A recent study by the CFP Board shows that student loans are impacting parents ability to pay for their children’s college educations.  Nearly half (47%) of parents in the United States had to borrow in order to get their own education.  Of those parents, nearly 33% are still paying back their own loans and 15% still have more than $25,000 to repay.   This growing trend not only hinders their ability to save for their children’s college but also their ability to save for their own retirement.    Many are counting on financial aid or are leaving college expenses up to their children.

The study shows that there are a few contributing factors to this trend.  The first is what many advisors believe is a slow recovering economy.    Since 2008, the economy has experienced historically high unemployment rates which makes it more difficult for people to pay their loans back consistently.  New college graduates are graduating with thousands of dollars in student loans, but don’t have the income to support those monthly payments.

A second factor is the rapidly increasing costs of education.  Since the 1970s both private and public college costs have risen by an average of just over 6% annually.  That is twice the rate of inflation.  Unless you have high income or many years to invest and plan, it’s difficult to save enough for your children to cover their full tuition.
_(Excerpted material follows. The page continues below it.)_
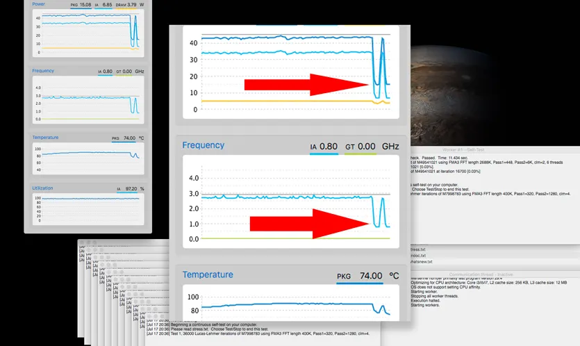 При суровой загрузке (рендер видео, игры, разгон) температура чипа повышается до критической отметки уже на 2900 МГц. Соответственно, в дело включается троттлинг и понижает мощность процессора. В итоге модель 2017 года уделывает самый топовый и дорогой мак на рынке.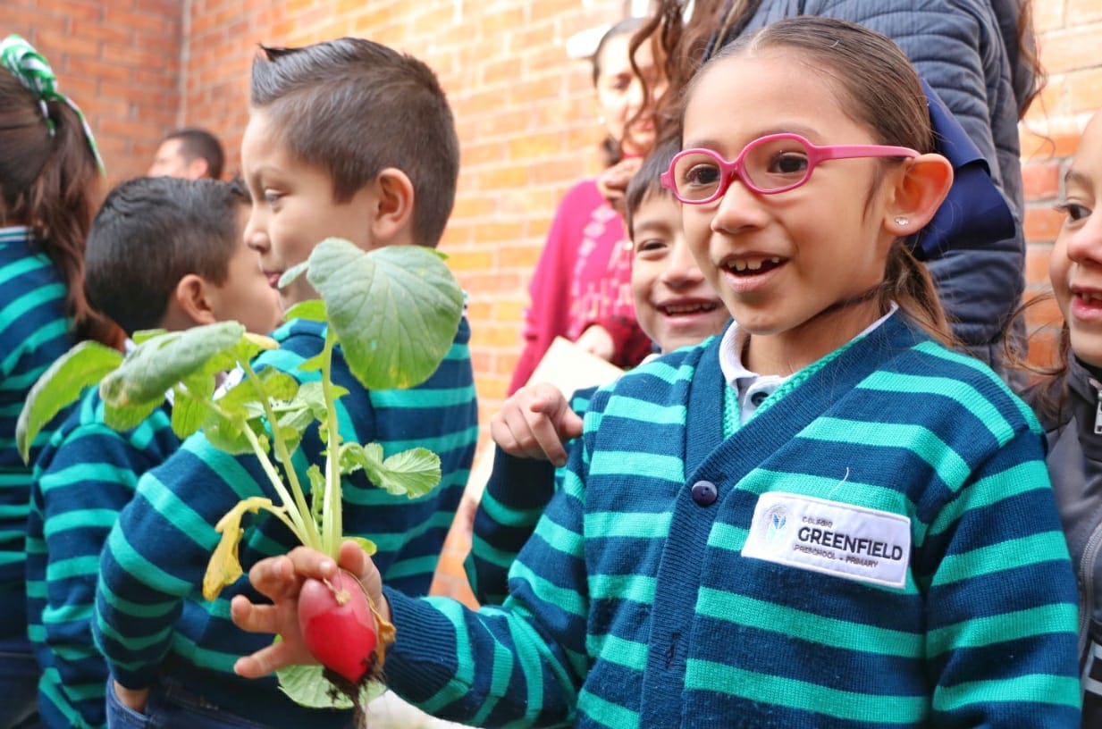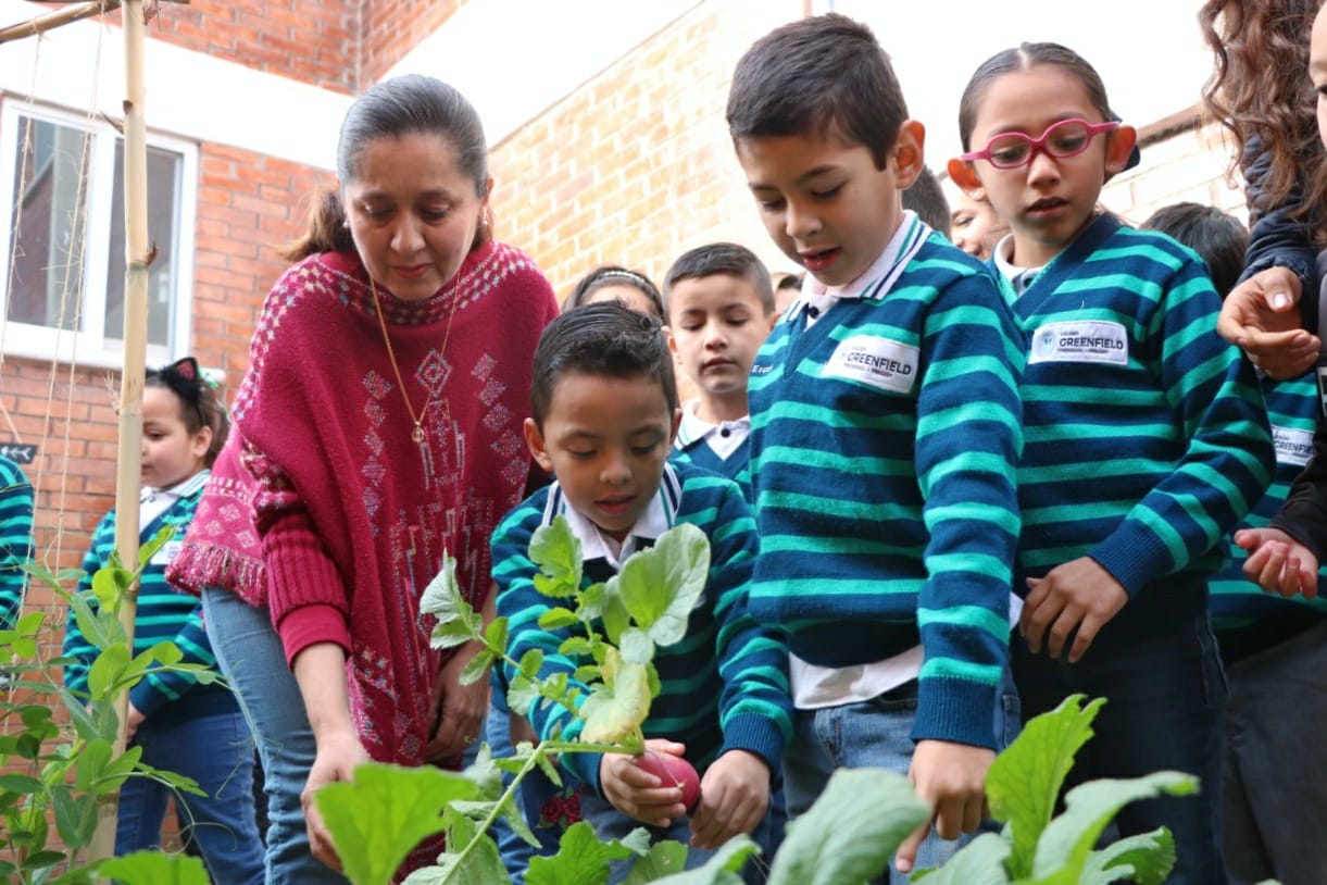 La presidenta del DIF Municipal, Liliana Coronado de Arámbula, encabezo la primera cosecha del huerto productivo del Colegio Greenfield, que los alumnos cultivaron y manifesto que la tierra nos da vida, alimento y nos ayuda a crecer.

A third factor is the increasing cost of living and savings priorities.  The study states that 40% of parents said that building an emergency fund is their top priority with extra cash flow.  Second on the list was saving for retirement at nearly 33% of parents.  Third on the list was their children’s education at 31%.  With an abundance of financial goals and limited cash flow, it is difficult for parents to meet expectations of achieving all three with their savings.